Rabin was right — the Katyusha days are over.
Then there was former Prime Minister Shimon Peres, the spirit behind Rabin’s facade in creating "the new Middle East."
As we left parts of Gaza in 1993-4, before the region’s total abandonment and the expulsion of all Jews there in 2005 by then Prime Minister Ariel Sharon, our “peace partners” began shooting homemade Kassam rockets into Israel.
This represented the earliest stage of the local terror arms industry.
They were unsophisticated and cheap to make, but lethal when they found a target. These simple rockets have succeeded in killing Jews and destroying families in the neighboring town of Sderot.
Then Vice Prime-Minister Peres thought that "the right-wing" was making too much of a big deal about this threat. He famously derided them and scoffed, "Kassams — shmassams." They were simply afraid of “peace” and trying to scare the public!

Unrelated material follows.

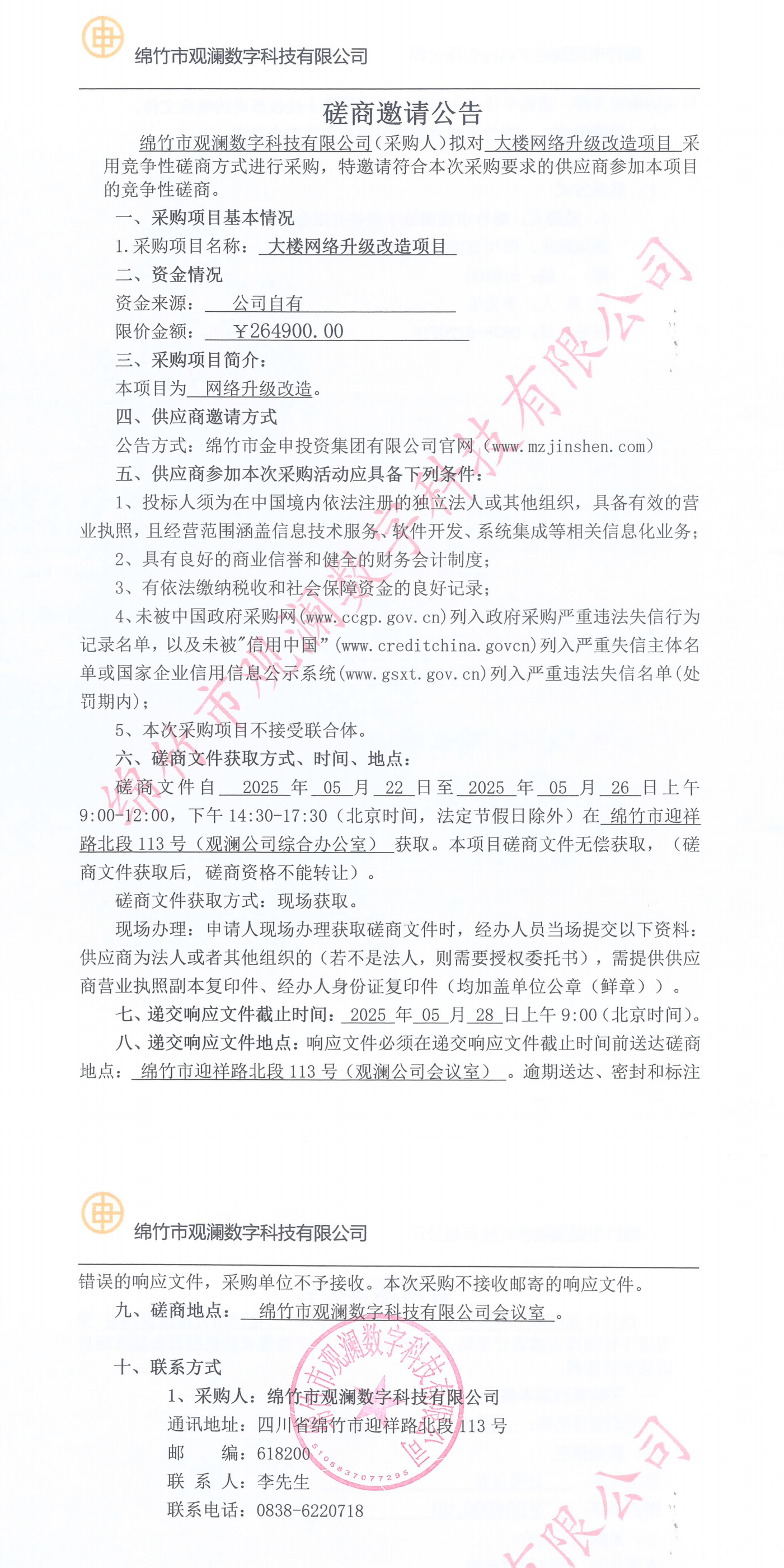 绵竹市观澜数字科技有限公司磋商邀请公告

Peres has since been proven right as well. No more Kassams or shmassams — now we have something much more serious to fear.
If you had told Rabin or Peres that starting six months ago large portions of the Negev forests and farmlands would be burnt down by incendiary balloons from Gaza, they would have assured us that this was simply a product of the vivid imagination of alarmist, paranoid, anti-peace fanatics.
The same answer would undoubtedly have been given by Ariel Sharon, who completed the dastardly work of Rabin and Peres. He too promised us — with the smug certainty of the security expert that he, like Rabin, was supposed to be — that Gazan missiles were not to be feared once we had expelled 10,000 Jews and abandoned their homes and synagogues to the terrorists.
Of course, the motives of these shameful politicians were different and yet similar — similar in that they all apparently thought it would advance their political careers.
Peres pinned his huge ego and hopes for a legacy on this extremely dangerous gamble, which hitherto was only advocated by the extreme left in Israel. He was going to be the man who finally brought peace to Israel; and if he failed, he would always find someone to blame.
Rabin was convinced by Peres. Sharon simply wanted to keep himself and his sons out of jail as investigations into their corruption closed in around them menacingly. They needed a sympathetic left-wing, in both the media and the judiciary, to stay out of jail. In this, they calculated correctly.
Meanwhile, the rockets come over in their thousands and are continuously getting bigger and more sophisticated. The Negev is burning. Children do not sleep at night and can not function in school the next day. Parents sleep with one eye open and their shoes on.
But hey — Kassams shmassams.
Maybe it was not such chutzpah on my part to have questioned our “great leaders” after all.
So what now? I don't exactly know, but perhaps it is time to think about making Israel great again.